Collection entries
· · ·
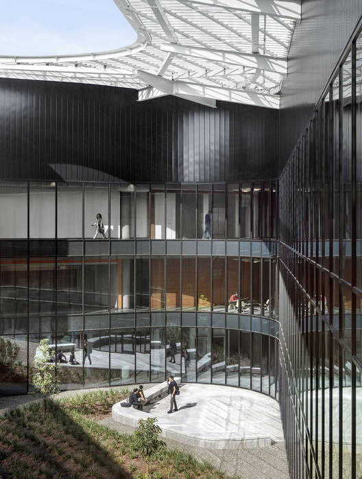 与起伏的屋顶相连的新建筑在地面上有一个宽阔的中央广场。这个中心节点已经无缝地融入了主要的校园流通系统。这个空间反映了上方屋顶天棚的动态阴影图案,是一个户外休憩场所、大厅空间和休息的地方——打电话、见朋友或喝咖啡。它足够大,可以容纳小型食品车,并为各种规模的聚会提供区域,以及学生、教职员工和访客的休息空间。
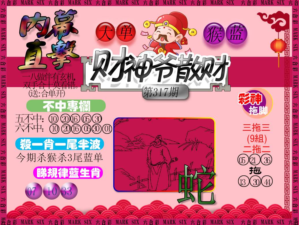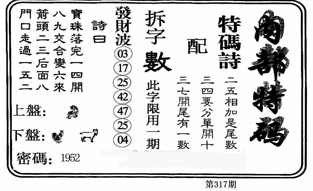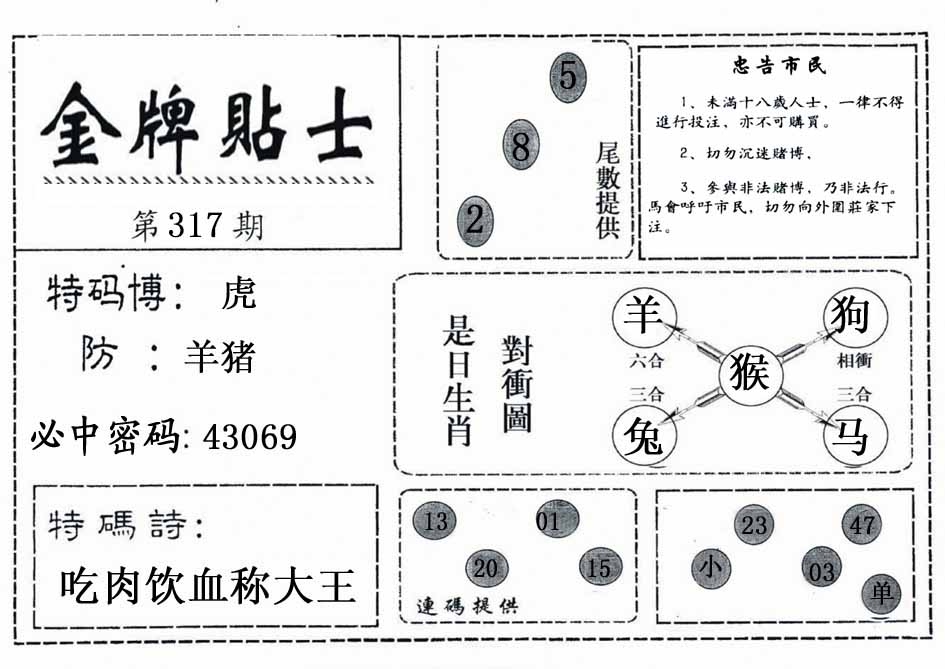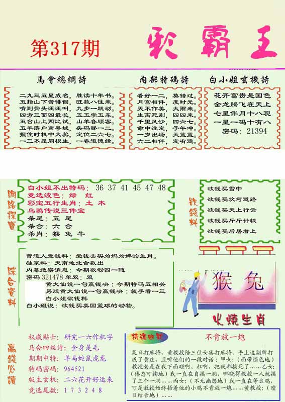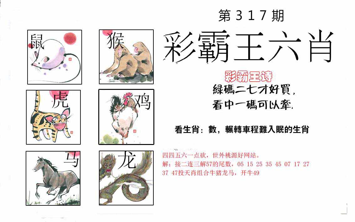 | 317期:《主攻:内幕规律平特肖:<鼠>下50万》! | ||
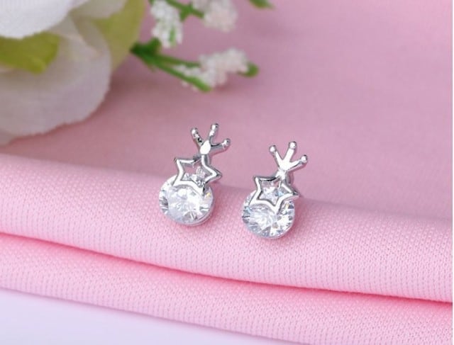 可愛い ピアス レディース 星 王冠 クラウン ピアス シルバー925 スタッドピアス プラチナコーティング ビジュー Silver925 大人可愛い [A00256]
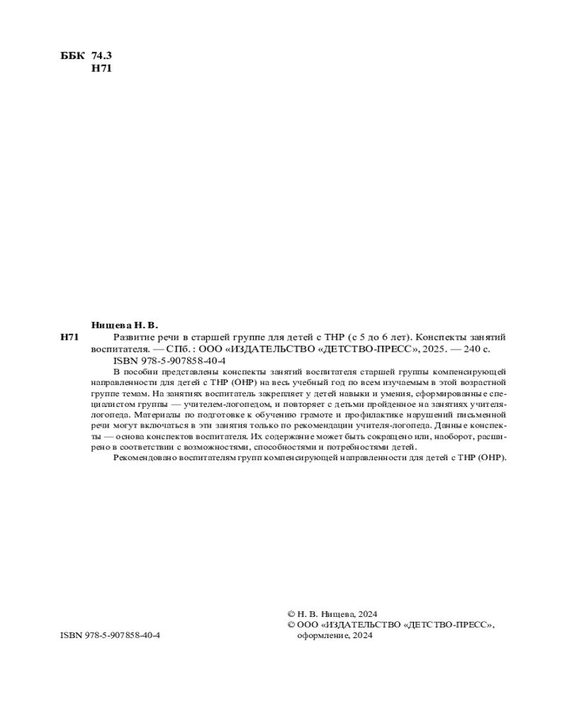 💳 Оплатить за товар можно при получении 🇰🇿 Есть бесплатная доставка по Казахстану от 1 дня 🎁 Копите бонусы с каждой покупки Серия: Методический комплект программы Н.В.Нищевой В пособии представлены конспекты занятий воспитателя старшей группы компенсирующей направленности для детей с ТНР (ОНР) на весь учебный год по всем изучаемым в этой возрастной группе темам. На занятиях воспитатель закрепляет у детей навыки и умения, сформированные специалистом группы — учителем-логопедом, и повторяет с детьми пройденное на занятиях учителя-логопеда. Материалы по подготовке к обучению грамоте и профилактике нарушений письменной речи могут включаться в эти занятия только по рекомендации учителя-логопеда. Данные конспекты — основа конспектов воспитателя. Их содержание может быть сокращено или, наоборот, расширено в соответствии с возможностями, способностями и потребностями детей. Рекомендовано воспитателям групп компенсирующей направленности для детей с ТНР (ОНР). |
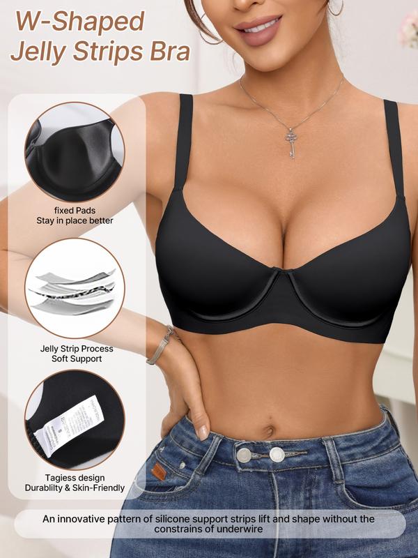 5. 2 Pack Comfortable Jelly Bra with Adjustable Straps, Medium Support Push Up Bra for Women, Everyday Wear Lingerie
· · ·
Every record, word for word, should be given back without its pictures.

Task answer
 与起伏的屋顶相连的新建筑在地面上有一个宽阔的中央广场。这个中心节点已经无缝地融入了主要的校园流通系统。这个空间反映了上方屋顶天棚的动态阴影图案,是一个户外休憩场所、大厅空间和休息的地方——打电话、见朋友或喝咖啡。它足够大,可以容纳小型食品车,并为各种规模的聚会提供区域,以及学生、教职员工和访客的休息空间。
 | 317期:《主攻:内幕规律平特肖:<鼠>下50万》! | ||
 可愛い ピアス レディース 星 王冠 クラウン ピアス シルバー925 スタッドピアス プラチナコーティング ビジュー Silver925 大人可愛い [A00256]
 💳 Оплатить за товар можно при получении 🇰🇿 Есть бесплатная доставка по Казахстану от 1 дня 🎁 Копите бонусы с каждой покупки Серия: Методический комплект программы Н.В.Нищевой В пособии представлены конспекты занятий воспитателя старшей группы компенсирующей направленности для детей с ТНР (ОНР) на весь учебный год по всем изучаемым в этой возрастной группе темам. На занятиях воспитатель закрепляет у детей навыки и умения, сформированные специалистом группы — учителем-логопедом, и повторяет с детьми пройденное на занятиях учителя-логопеда. Материалы по подготовке к обучению грамоте и профилактике нарушений письменной речи могут включаться в эти занятия только по рекомендации учителя-логопеда. Данные конспекты — основа конспектов воспитателя. Их содержание может быть сокращено или, наоборот, расширено в соответствии с возможностями, способностями и потребностями детей. Рекомендовано воспитателям групп компенсирующей направленности для детей с ТНР (ОНР). |
 5. 2 Pack Comfortable Jelly Bra with Adjustable Straps, Medium Support Push Up Bra for Women, Everyday Wear Lingerie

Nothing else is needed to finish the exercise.